I wonder sometimes why I suffer from insomnia. It could be that my mind races and over processes trivial issues into catastrophes. It could be that I rarely lose my cool during business hours and it simply builds up into a midnight battle of wills: my own. Maybe.
Or it could be that Winston, although weighing only fourteen pounds, is a hog. He snores louder than a drunken sailor, kicks like he's in a puppy "Cage Match" ,and needs to be covered: at all times. When you throw in my own desire to be snuggly warm, you'd think it would be a perfect match. No. I go to bed and do the little "jumping jacks" to warm up the sheets. Then I get out the extra blankets and begin layering. I truly need them since Cheech wanders off in the night with most of them (not to mention my pillow). That leaves Winston in the cold...so he begins to root and snort. This in turn, wakes up Birdie. She begins to whine and scratch which arouses Cheech. He throws pillows and huffs. Informing everyone they need to shut the Hell up. I end up naked and cold ... and awake with sleepy hurt feeling. ;) not really that last one...
I still don't know why I suffer? Hmmmm.
Well, we have begun to cage Wee at night also. It makes Birdie do that "Nah-nee-na-nee-boo BOO!" face. Winston pouts mercilessly and snorts even louder. I think he does it on purpose.
But I've been sleeping better, arising at 3 or 4 rather than 1 or 2. It's simple and I like it. But last night was different.
I crawled in bed and did my jumping jacks. I began to hoard my pillows and layer/ hide my blankie stash. I sighed contentedly. Ohhhhh yeah. I love my bed and it loved me right back.
Dreams were fabulous and warm.

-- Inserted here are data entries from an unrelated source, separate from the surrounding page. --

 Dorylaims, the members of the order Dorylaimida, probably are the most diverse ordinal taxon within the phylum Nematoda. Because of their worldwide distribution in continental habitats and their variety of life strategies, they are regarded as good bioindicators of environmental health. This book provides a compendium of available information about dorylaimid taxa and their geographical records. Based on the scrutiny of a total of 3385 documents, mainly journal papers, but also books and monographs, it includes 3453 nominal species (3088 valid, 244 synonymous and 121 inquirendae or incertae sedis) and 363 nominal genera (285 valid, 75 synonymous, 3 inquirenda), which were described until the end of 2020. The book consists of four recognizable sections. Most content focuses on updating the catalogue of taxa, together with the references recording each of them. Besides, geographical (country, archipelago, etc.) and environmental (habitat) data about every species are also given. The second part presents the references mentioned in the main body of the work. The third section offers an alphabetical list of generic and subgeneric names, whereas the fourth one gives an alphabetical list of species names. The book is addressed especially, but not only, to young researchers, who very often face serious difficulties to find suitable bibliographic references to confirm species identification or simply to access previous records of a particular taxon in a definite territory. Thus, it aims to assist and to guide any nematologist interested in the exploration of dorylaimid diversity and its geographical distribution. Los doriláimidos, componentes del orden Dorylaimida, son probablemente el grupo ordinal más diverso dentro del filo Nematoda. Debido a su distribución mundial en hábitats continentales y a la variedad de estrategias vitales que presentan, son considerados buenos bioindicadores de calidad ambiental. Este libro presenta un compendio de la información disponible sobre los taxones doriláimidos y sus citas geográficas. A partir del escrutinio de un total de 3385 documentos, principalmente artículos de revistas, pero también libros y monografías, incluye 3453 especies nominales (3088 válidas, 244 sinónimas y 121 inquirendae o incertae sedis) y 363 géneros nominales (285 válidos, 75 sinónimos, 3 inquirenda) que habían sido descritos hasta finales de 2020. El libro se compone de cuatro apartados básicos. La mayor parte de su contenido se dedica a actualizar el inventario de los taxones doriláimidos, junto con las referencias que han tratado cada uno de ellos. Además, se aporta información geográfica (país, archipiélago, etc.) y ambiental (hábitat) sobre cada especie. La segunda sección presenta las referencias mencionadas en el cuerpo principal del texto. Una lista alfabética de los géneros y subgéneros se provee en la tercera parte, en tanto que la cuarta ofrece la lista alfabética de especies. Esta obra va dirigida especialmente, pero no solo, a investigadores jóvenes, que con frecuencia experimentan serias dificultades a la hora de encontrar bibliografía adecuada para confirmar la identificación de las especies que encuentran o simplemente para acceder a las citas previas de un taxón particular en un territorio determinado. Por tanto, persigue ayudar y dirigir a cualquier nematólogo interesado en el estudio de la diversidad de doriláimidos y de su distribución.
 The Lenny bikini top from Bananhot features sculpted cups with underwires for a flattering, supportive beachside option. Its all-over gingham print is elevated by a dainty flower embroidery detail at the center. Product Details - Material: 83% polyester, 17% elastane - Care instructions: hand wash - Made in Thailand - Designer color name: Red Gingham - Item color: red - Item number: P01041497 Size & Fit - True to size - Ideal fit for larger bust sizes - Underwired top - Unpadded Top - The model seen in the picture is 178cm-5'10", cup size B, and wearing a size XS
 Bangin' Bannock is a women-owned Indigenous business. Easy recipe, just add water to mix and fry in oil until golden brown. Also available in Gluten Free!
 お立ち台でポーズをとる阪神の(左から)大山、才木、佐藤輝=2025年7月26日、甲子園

Have you ever been HAPPY while sleeping? Maybe you dream that your happy. Maybe you sense you're dreaming about happy things like birthday cake. I couldn't care less how it happens...I was sleeping and HAPPY about it.

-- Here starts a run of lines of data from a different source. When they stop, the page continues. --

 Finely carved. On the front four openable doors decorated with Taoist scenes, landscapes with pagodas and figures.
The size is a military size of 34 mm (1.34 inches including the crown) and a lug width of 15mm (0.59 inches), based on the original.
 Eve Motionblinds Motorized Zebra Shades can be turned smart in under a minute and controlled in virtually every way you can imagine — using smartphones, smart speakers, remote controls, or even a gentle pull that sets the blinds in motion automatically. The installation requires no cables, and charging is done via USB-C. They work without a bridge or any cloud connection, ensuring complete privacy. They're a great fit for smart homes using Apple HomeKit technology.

Then my dreams became skewed; warped. There was a sudden jolt: an earthquake perhaps. Or a tsunami. There was an ocean of red and it swelled trying to swallow me. Augh! I was trapped, drowning. It was pitch black but I heard voices! Help! HELP ME! A weight began to trample and pull me down. Ohhhhh Hang on! I'm coming! Wait for me! I'll help you! I swear! But I'm struggling. I can't break free.
"Where are you?" the voice is familiar.
I'm panicking. That IS a good question. "Where AM I" I wonder.

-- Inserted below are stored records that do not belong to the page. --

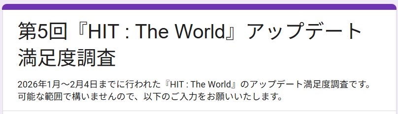 第5回『HIT : The World』アップデート満足度調査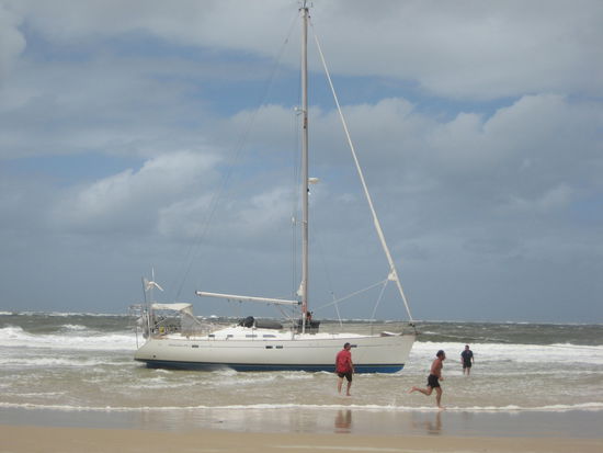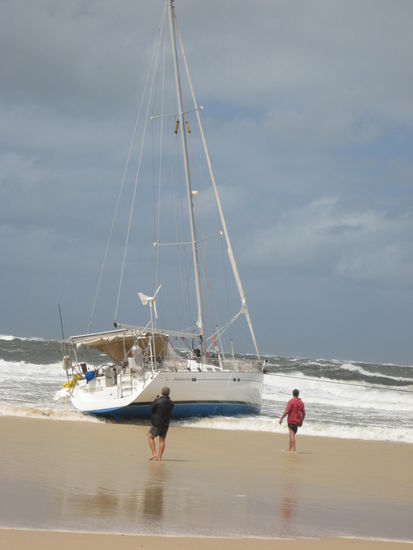 Als uns wieder der Regen drohte machten wir uns auf den Weg zur Faehre. Dabei stiessen wir auf ein gestrandetes Boot. Die Besatzung bestand aus ein paar Maennern welche die naechsten Monate unterwegs See auf sein wollten, weit gekommen waren sie leider nicht. gerade mal eine woche unterwegs. es war aber bereits Hilfe eingetroffen und so konnten wir weiter Richtung Faehre fahren.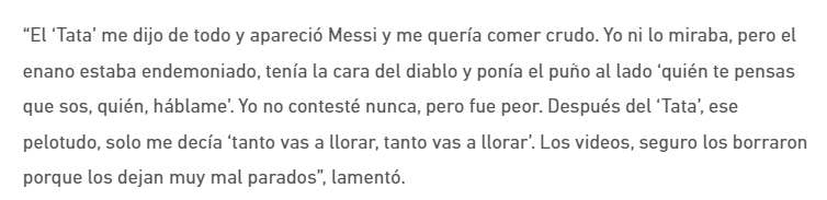 “马蒂诺告诉了我这些情况,梅西之后出现,想生吃了我。我甚至不敢看他,但那个矮人着魔了一样,有着一张魔鬼的脸,他把拳头举在身侧:‘你以为你是谁,谁?告诉我’。我没有回答,但情况变糟糕了。之后马蒂诺,那个白痴,他就告诉我:你绝对会哭出来,痛哭。”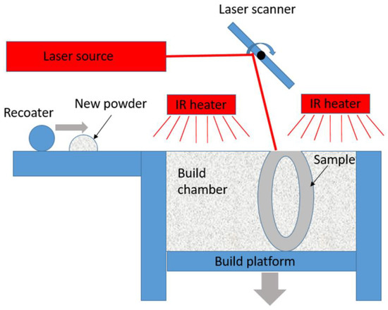 The system used for SLS was a Formiga P110 with a building chamber of 200 × 250 × 330 mm3; in size (EOS GmbH, Krailing, Germany), equipped with a 30 W CO2 laser (spot size of the galvo scanner at focal position is 0.25 mm). The system allows for a build rate of up to 20 mm height/hour with the layer thickness being variable between 0.06 mm and 0.12 mm. To prevent oxidation processes, the build chamber is flooded with nitrogen as a protective gas. A built-in 4-channel infrared heater (IR), monitored by a pyrometer, ensures a controlled temperature in the process chamber. The temperature in the process chamber is just below the melting point of the material used. Thus, thermal distortion can be reduced during manufacturing.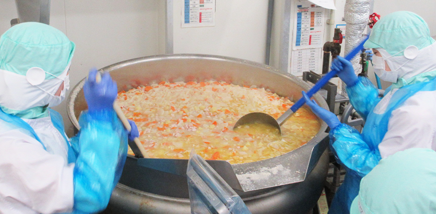 - 日々の検食をもとに製造工程や調理方法を見直し、食味向上に繋げる。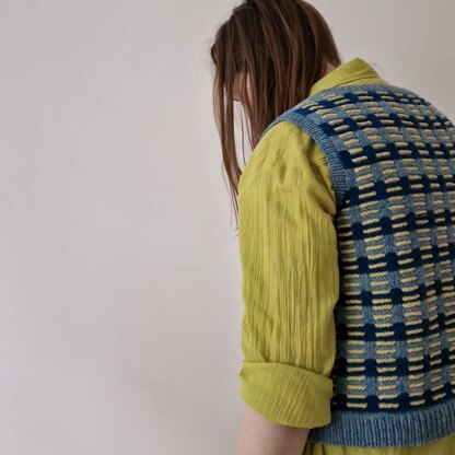 Inspired by Anni Albers' weaving, the Albers slipover blends three colours into a striking stripe pattern. It's a modern twist on traditional colourwork, combining knits and purls for a squishy texture. Ideal for knitters looking for something unique yet wearable, this slipover adds an artistic touch to any outfit.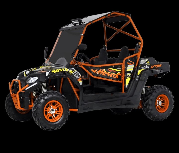 The BMS Avenger 200 EFI Sport Side By Side Utility Terrain Vehicle UTV teatures 8.9 Horsepower, and a 4 Stroke Single-cylinder 200cc Engine.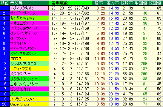 複勝率41.7%、複勝回収値102。勝ち星こそ2勝ですが、複勝率**40%**超えは全母父の中でナンバーワン。とにかく馬券圏内に突っ込んでくる確率が高く、軸馬としての信頼度は群を抜いています。

"I don't know!" I have to shout above the surf; the horrible waves. Wind roared in my ears and down my throat trying to stifle my words. Armageddon.
"I can't see you."
"Here! I'm here!"
There is movement near me. I swim toward it, gulping and choking. Safety is near.
"Here. HERE! Don't give up! I'm right here!" my body is tired from swimming. My lungs hurt from trying to breathe. My legs burn from breaking free...
of my dream.
Stupid Winston had busted out of the cage that wasn't properly locked and hopped on the bed. He'd danced across Cheech's man toys (unbelievably waking him) and made a bee line right under the blankets for the crook of my legs. Cheech got up and began to "float the sheets" to find him.
It was 3am.
And so here I am. I hope you read this at a decent hour. G'night.